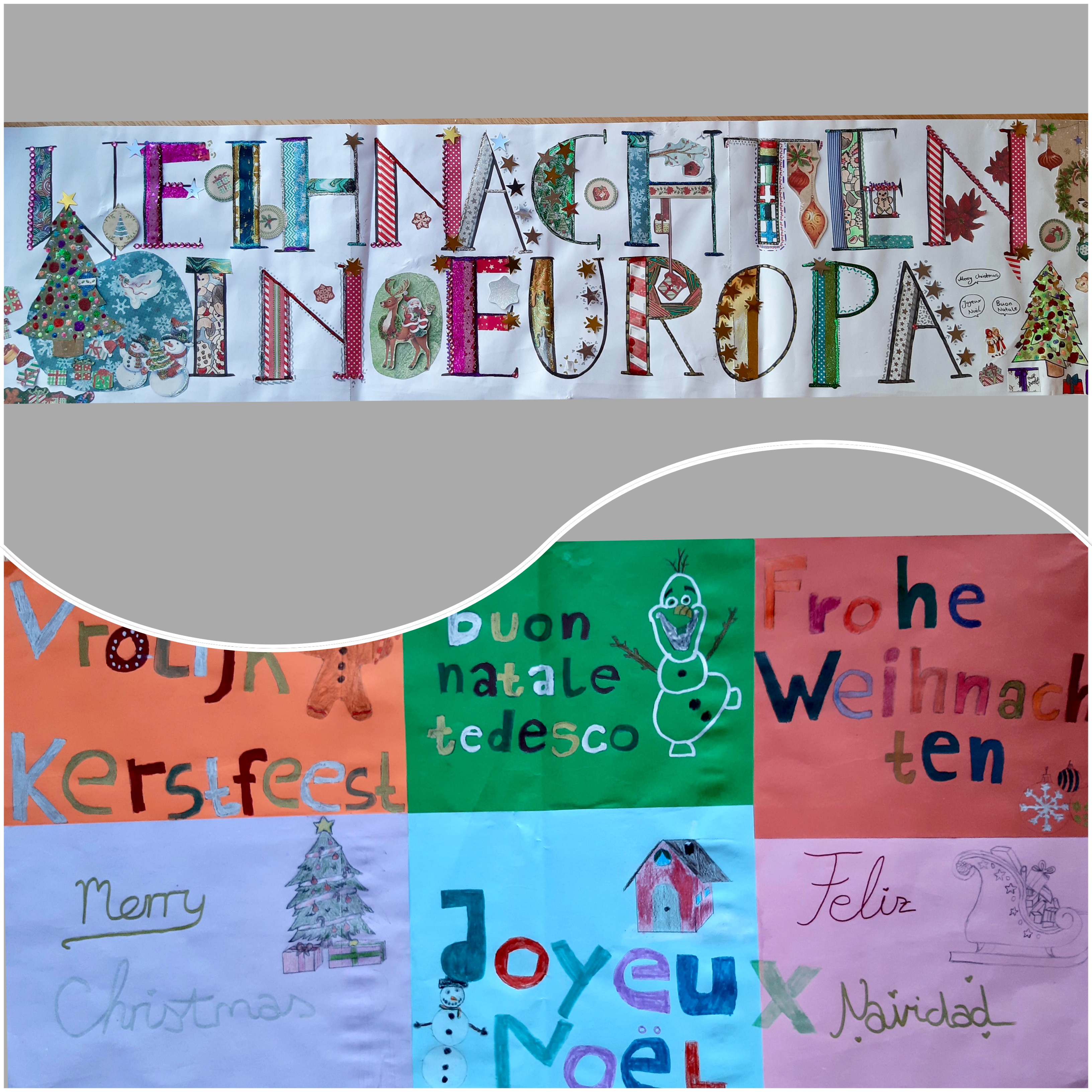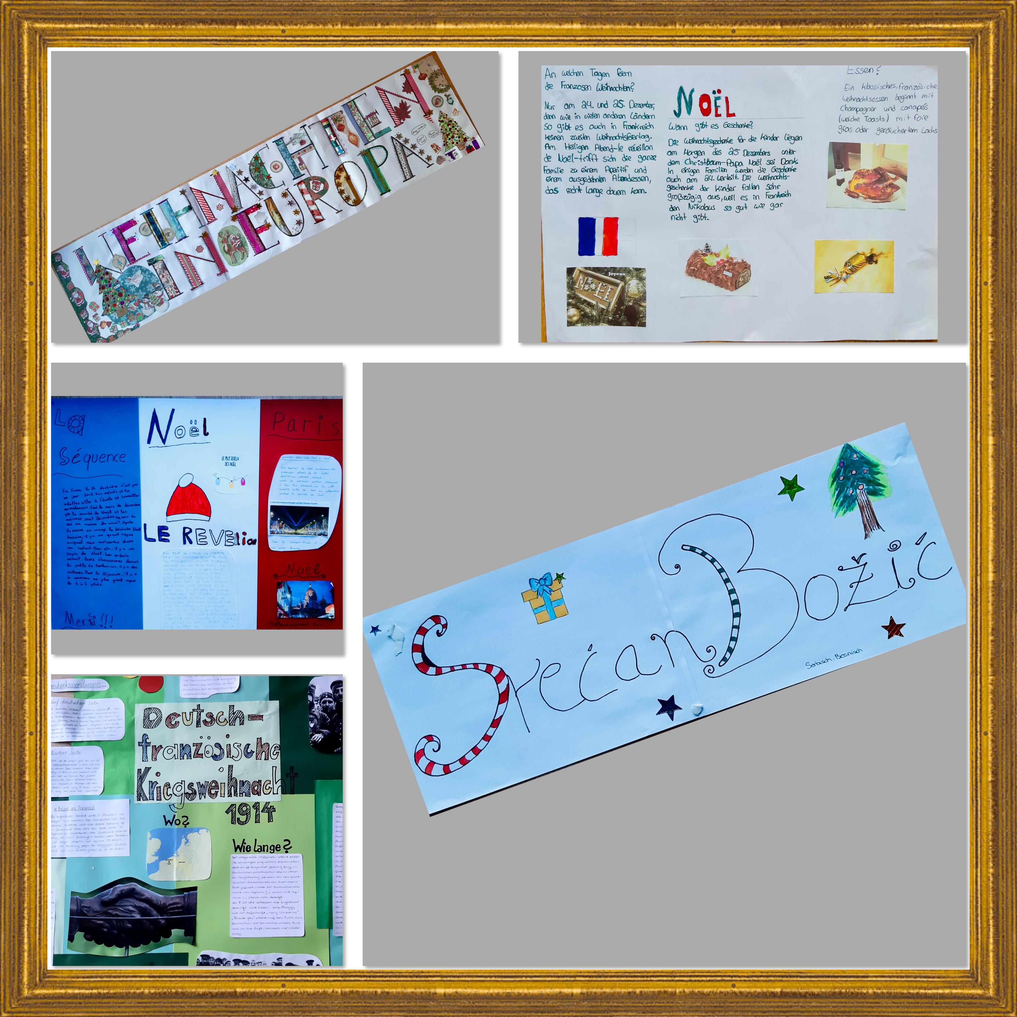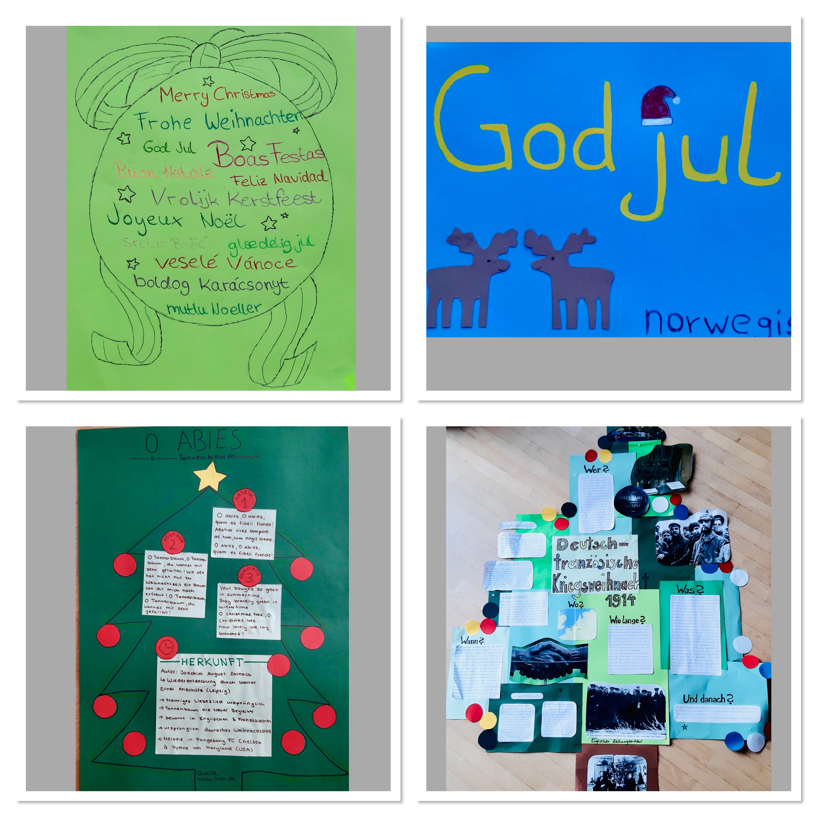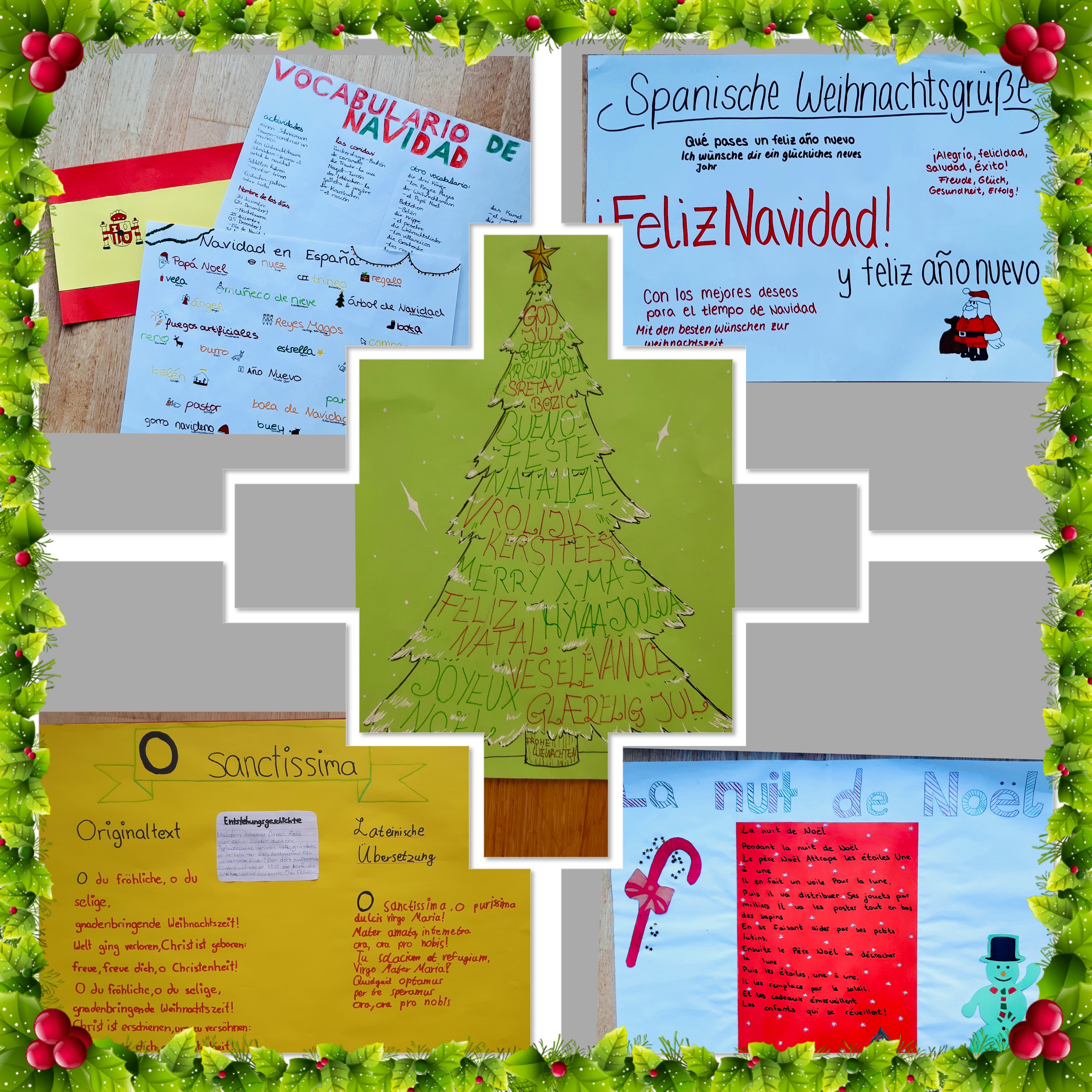 Daraus entstand eine Ausstellung mit Plakaten und Texten zu Weihnachten in Spanien, Frankreich oder Serbien, mit lateinischen Weihnachtsliedern und ihrer Entstehungsgeschichte oder auch Weihnachtsvokabular in unterschiedlichen Sprachen und einer ganz besonderen deutsch-französischen Weihnacht im Kriegsjahr 1914. Zudem haben viele Schülerinnen und Schüler „Frohe Weihnachten“ in den unterschiedlichen europäischen Sprachen geschrieben und gestaltet.
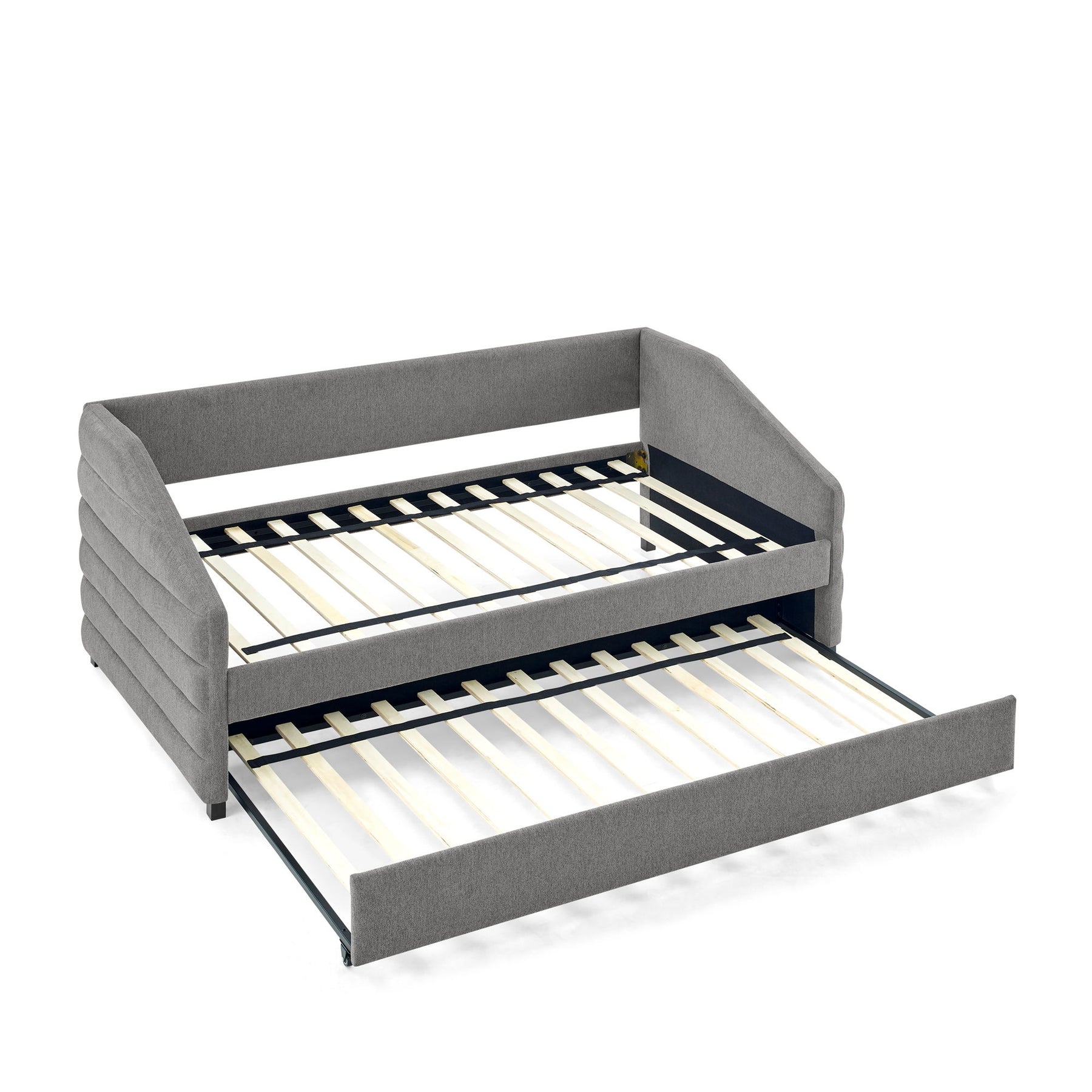 Elegant Upholstered Twin Size Daybed With Trundle Linen - Gray
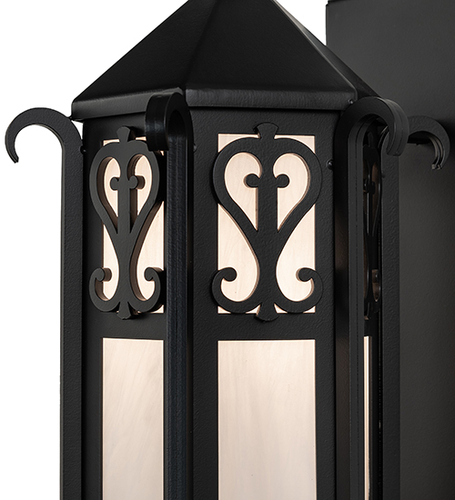 Hand-forged Iron Metalwork creates a rich, luxurious look for Caprice. This high-styled wall fixture is crafted with a Fleshtone Idalight lens and stainless steel that is finished with a Solar Black powder coat to withstand direct sunlight and exposure in most geographic climates. This sconce is ideal to complement a variety of architectural styles for today's exteriors and interiors. This luxurious fixture is perfect for illuminating interiors and exteriors in residential, hospitality, and commercial spaces throughout the US, including Arlington, Virginia, Omaha, Nebraska, and Sacramento, California. The Caprice Wall Sconce is included in our American-made, American-designed, handmade Traditional Lighting Collection and manufactured in Yorkville, New York. UL & cUL listed for dry, damp, and wet locations.
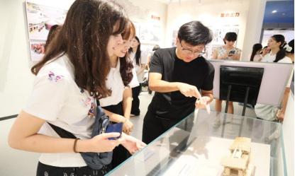 营员们首站走进学校标志性场馆——三全育人教育基地。在1900平方米的展陈空间中,“国之大者”“材之茂者”“师之贤者”“行之实者”四大主题篇章生动诠释了学校69年办学底蕴。港珠澳大桥微缩模型、见证国家重大工程的疏浚船绞刀头、学生精细复刻的湖湘红色建筑群,让黑山青年直观感受到长沙理工在交通、电力、水利等领域的突出贡献与“每一粒砂都是国土”的家国情怀。离馆前,众人手持校园明信片进行特色集邮盖章。营员们表示“这次体验真的很棒,我尤其喜欢其中的建筑部分。”
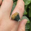 ジャスパー 変形トライアングル 立体ラフカット アートな鉱物 シルバーSV925リング
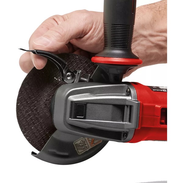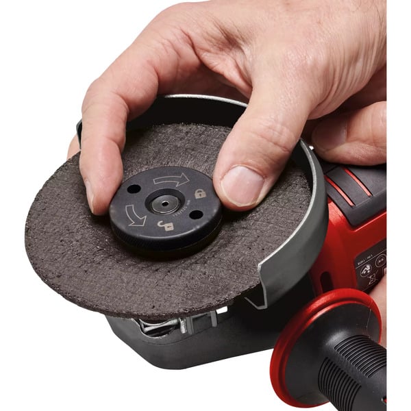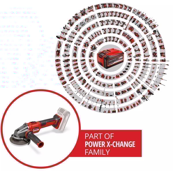 Der Akku-Winkelschleifer AXXIO 18/115 Q Professional von Einhell ist mit seinem geringen Gewicht einer der leichtesten und damit handlichsten seiner Klasse. Egal ob kraftvolles Trennen, Schleifen oder Polieren, mit seiner Leerlaufdrehzahl von 8.500 U/min ist er auf hohe Leistung ausgelegt und damit ein nützlicher Helfer in Werkstatt und Hobbykeller. Mit der Quick-Fix Nut wird kein Stirnlochschlüssel mehr für den Trennscheiben-Wechsel benötigt, der Wechsel lässt sich jetzt schnell und werkzeuglos erledigen. Der bürstenlose Motor bietet mehr Kraft und damit eine längere Akku-Laufzeit. Der Softstart und der Wiederanlaufschutz sorgen für eine erhöhte Anwendungssicherheit, der Überlastschutz stellt die Langlebigkeit des Geräts sicher. Durch die Entkopplung von Motor und Getriebe wurde eine besonders hohe Laufruhe erreicht. Das Getriebegehäuse ist aus robustem, leichtem Aluminium gefertigt, die Bauform ist sehr schlank konstruiert. Der rechts oder links verwendbare Zusatzhandgriff ist mit ergonomischem Softgrip ausgestattet und ermöglicht auch bei längeren Arbeitseinsätzen eine komfortable, sichere Handhaltung. Der Akku-Winkelschleifer AXXIO 18/115 Q gehört zur gefragten Power X-Change-Familie. Die Lieferung erfolgt ohne Akku und ohne Ladegerät. Zum Betrieb des AXXIO 18/115 Q ist ein separat erhältlicher 18 Volt-Systemakku aus der Power X-Change-Reihe erforderlich, wie er auch in den anderen Einhell Werkzeugen und Gartengeräten benutzt wird. Für optimale Ergebnisse wird ein 2,6 Ah Plus Akku oder größer empfohlen.Art.-Nr.: 1754927
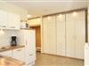 In der großen Wohnküche mit Essecke befinden sich eine Küchenzeile mit Herd, Backofen, Kühlschrank, Gefrierfach, Spülmaschine und Microwelle sowie ein Toaster, ein Eierkocher, eine Kaffeemaschine und einen Wasserkocher.
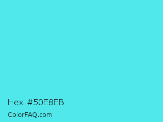 Hex #50e8eb Color is a light cyan color and the nearest color is Turquoise Blue #6cdae7. Hex code #50e8eb and RGB value is rgb(80,232,235). In RGB color space, this color is composed of 31% red, 91% green, 92% blue, In CMYK color space, this color is composed of 66% cyan, 1% magenta, 0% yellow , 8% black , In HSL color space, this color has a hue angle of 181° , 79% saturation and 62% lightness.
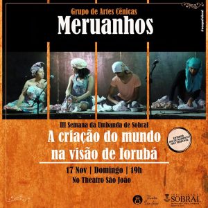 Neste domingo (17) o Theatro São João recebe o espetáculo “A Criação do Mundo na Versão Iorubá” a partir das 19h30. A classificação é livre, então já temos encontro marcado! A apresentação do espetáculo é parte integrante da programação da III Semana da Umbanda de Sobral.
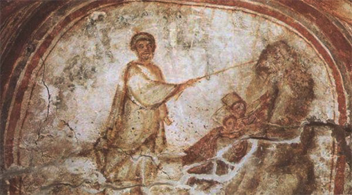 La temática es del Antiguo Testamento pero no puede ser judío porque como hemos visto los judíos nunca representaban imágenes en sus osarios, y además esa escena bíblica no tendría para ellos significado alguno en un contexto de muerte. Sin embargo los cristianos desde el principio lo consideraron como un símbolo de la resurrección, pues Jonás estuvo en el vientre de la ballena 3 días y luego salió, del mismo modo que Jesús estuvo en las entrañas de la roca 3 días y luego salió. Y fue el propio Jesús quien estableció tal conexión:
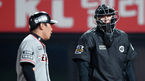 [OSEN=수원, 이동해 기자] 18일 오후 수원 케이티위즈파크에서 '2019년 신한은행 마이카 KBO리그' KT 위즈와 한화 이글스의 경기가 진행됐다.8회초 1사 1,2루 한화 대타 정근우가 삼진아웃 당한 후 이계성 주심에게 항의하고 있다. / eas
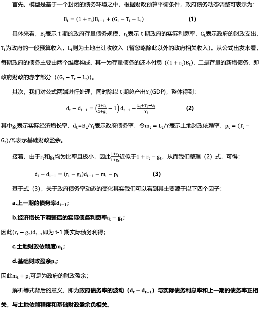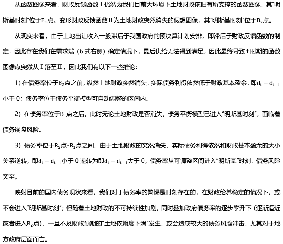 但從價值和目的來看,基于前人的一些理論研究,我們動態(tài)分析了就土地財政的不可持續(xù)性趨勢和隱性債務(wù)的“灰犀牛”兩個問題之下債務(wù)的衍化,指出兩者對于整體債務(wù)和城投迫近于明斯基時刻存在一定的壓力導(dǎo)向。
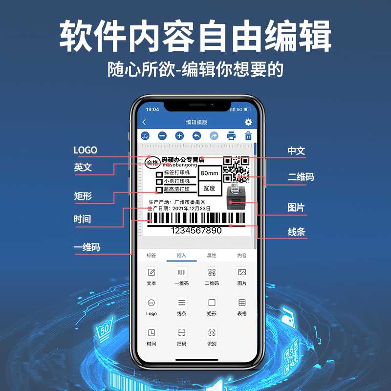 Xinye XP-H500B Label Printer Asia Silver Copper Paper Cable Clothing Tag Certificate of Qualification Washable Mark Price Sticker Label Machine Thermal Transfer Self-adhesive Barcode Carbon Ribbon Thermal Printer
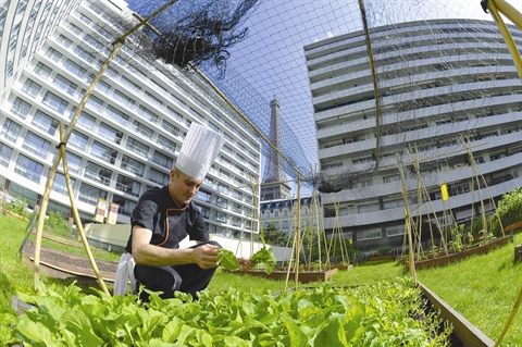 | De plus en plus de chefs ont un potager sur le toit de leur restaurant. |
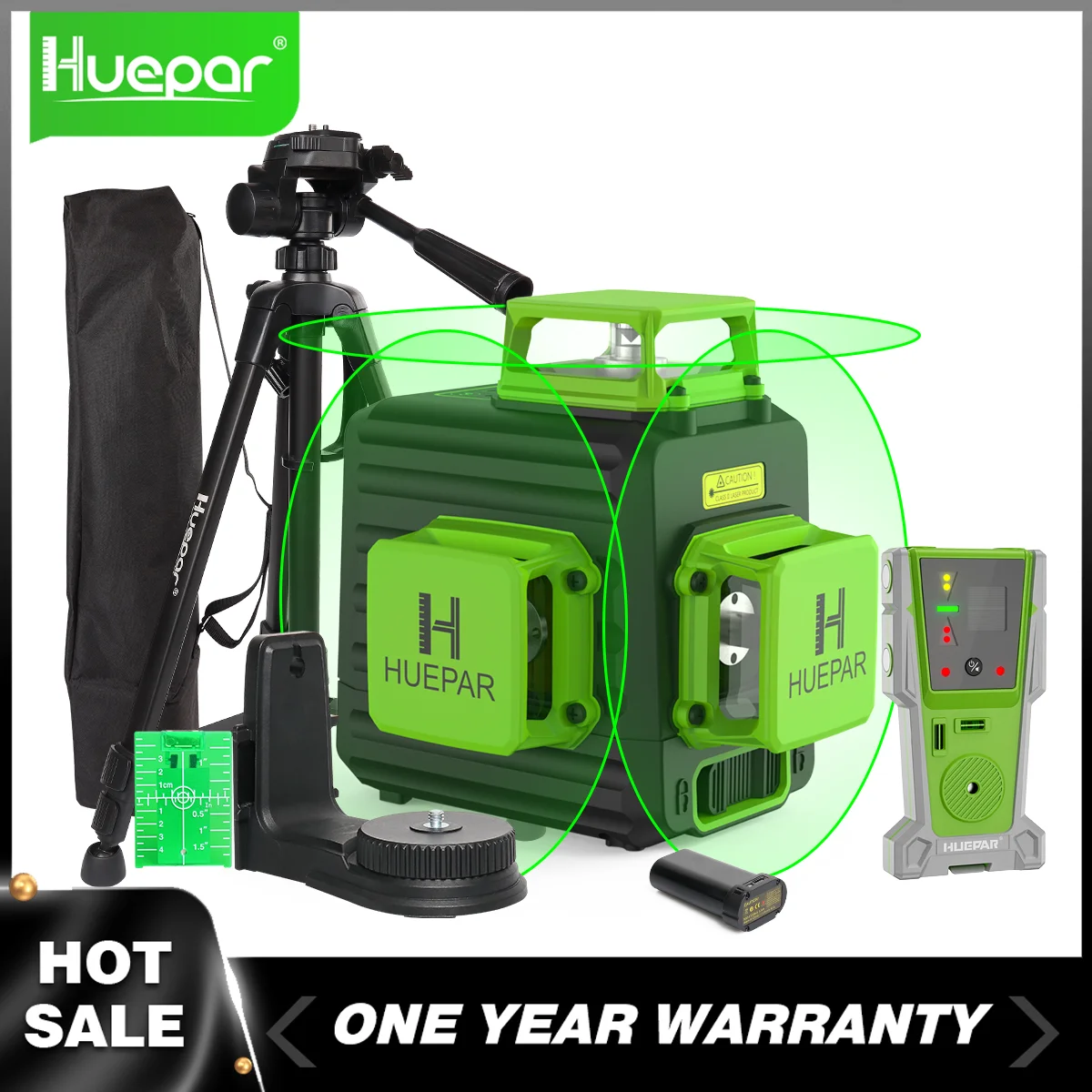 Huepar-Niveau laser à faisceau vert 3D, 12 lignes, Osram, ensemble d'outils de niveau laser &...

•••

**WORK ORDER:** Pictures are to be left out; the lines from the start of the records above through the line holding "Hand-forged Iron Metalwork" are to be returned exactly.

**WRITTEN SOLUTION:**
 Daraus entstand eine Ausstellung mit Plakaten und Texten zu Weihnachten in Spanien, Frankreich oder Serbien, mit lateinischen Weihnachtsliedern und ihrer Entstehungsgeschichte oder auch Weihnachtsvokabular in unterschiedlichen Sprachen und einer ganz besonderen deutsch-französischen Weihnacht im Kriegsjahr 1914. Zudem haben viele Schülerinnen und Schüler „Frohe Weihnachten“ in den unterschiedlichen europäischen Sprachen geschrieben und gestaltet.
 Elegant Upholstered Twin Size Daybed With Trundle Linen - Gray
 Hand-forged Iron Metalwork creates a rich, luxurious look for Caprice. This high-styled wall fixture is crafted with a Fleshtone Idalight lens and stainless steel that is finished with a Solar Black powder coat to withstand direct sunlight and exposure in most geographic climates. This sconce is ideal to complement a variety of architectural styles for today's exteriors and interiors. This luxurious fixture is perfect for illuminating interiors and exteriors in residential, hospitality, and commercial spaces throughout the US, including Arlington, Virginia, Omaha, Nebraska, and Sacramento, California. The Caprice Wall Sconce is included in our American-made, American-designed, handmade Traditional Lighting Collection and manufactured in Yorkville, New York. UL & cUL listed for dry, damp, and wet locations.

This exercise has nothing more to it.